Without realizing the assumption I’ve made I’ve taken this idea of balance as 50/50 into my life. I’m not sure it’s working so well.
A common term lately is ‘work-life’ balance. Does that mean we’re supposed to be at work 50% of the time and at life the other 50%. That sort of makes sense even. Given there are 24 hours in a day, we roughly have an eight hour work day, roughly eight hours of sleep, leaving 8 hours for life. Not scientific by any means, but it has a point.
Balance in the sense of 50/50 also implies other combinations are possible, such as 60/40 or 30/70, which by the accounting might indicate something is out-of-balance when in fact it may be perfect. This out-of-balance also implies that one side has a gain while the other side has a loss. Not a very fruitful strategy in the long-run.
The word that has resonated lately as I’ve sat with this new realization of balance – is alignment. Alignment doesn’t imply any proportions and yet it seems far more suitable, and even relevant to so many more situations.
In terms of relationships, something I heard recently was about what each partner needs to bring to the relationship. It’s not that each partner brings 50% to create 100; it’s that each partner brings 100%. This is much more about aligning together than it is about balance. After all, balance is rarely going to occur anyway. One person is going to be physically stronger than the other, one person is probably better cook than the other. It probably wouldn’t be much fun if we were balanced. And certainly we don’t want a balance of masculine and feminine – there’s no polarity and no spark then.
Which brings me to a similar topic I’ve read recently. The idea of rebalancing the masculine and feminine again, that they are out of balance. I certainly agree that they are not in a good relationship now, but I don’t believe balance is what we want. We want alignment. We want the masculine to realign itself with its gold and light. We want the feminine to realign itself with its gold and light. And we want the masculine and feminine to realign themselves in relationship to each other.

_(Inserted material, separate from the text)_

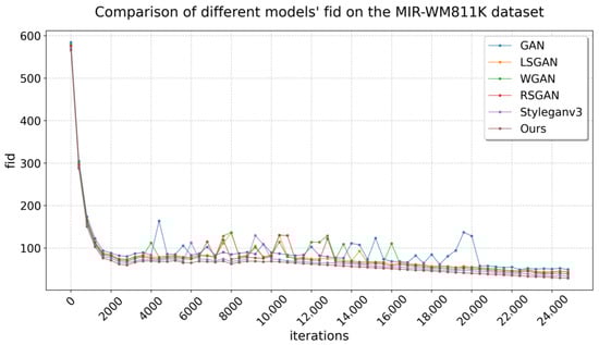 In the MIR-WM811K dataset, only three models achieved a FID below 40, while the others exceeded this threshold. This discrepancy may be attributed to the inferior original data quality of MIR-WM811K compared to Mixtype-WM38, which adversely affects feature fitting. Notably, our model once again attained the lowest FID, demonstrating substantial original data fitting despite only marginal improvements in distribution effects.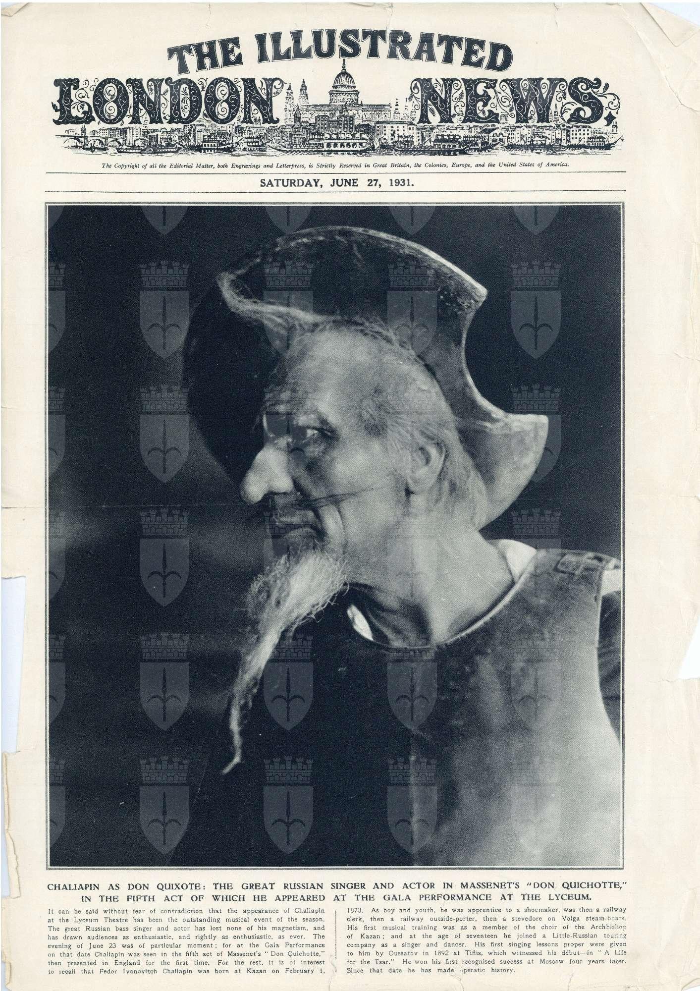 Il basso Chaliapin nel ruolo di Don Chisciotte nel quinto atto al gala al Lyceum Theatre

David Whyte also writes about this in ‘The Three Marriages: Reimagining Work, Self, and Relationship.’ He writes, ‘Each of the three marriages is nonnegotiable. They cannot be “balanced” again one another – a little taken from this and little given to that – except at their very peripheries. To “balance” work with relationship and with the self means we only work harder in each marriage, while actually weakening each of them by separating them from one another. Each of the marriages represents a core conversation with life that seems necessary for almost all human beings and none of the marriages can be weakened or given up without a severe sense of internal damage.”
Whyte adds a critical piece of alignment, which is that for two (or more) things to align means they depend on each other in some way, that ‘internal damage.’ He goes on to talk about “the conversation between the marriages – the marriage of the marriages.” Again reinforcing the idea of interdependence among the components.
When each element of a system or a whole (and considering that each element itself is whole and a system unto itself) can be in alignment with itself and in a mutually supportive and reinforcing pattern with all the other elements, then you have alignment. Whyte again: “where each of the marriages can protect, embolden, and enliven the others and help keep us mutually honest, relevant, authentic, and alive.”
Picture a yogic posture, where each arm, each leg, the head, and the torso have a certain position to be in. They must all work together, each participating in the pose in its particular way and yet still supporting every other part.
Alignment is a good word, much better than balance. Balance just gets us in our head thinking about 50/50.
Alignment – that gets us moving in a good direction.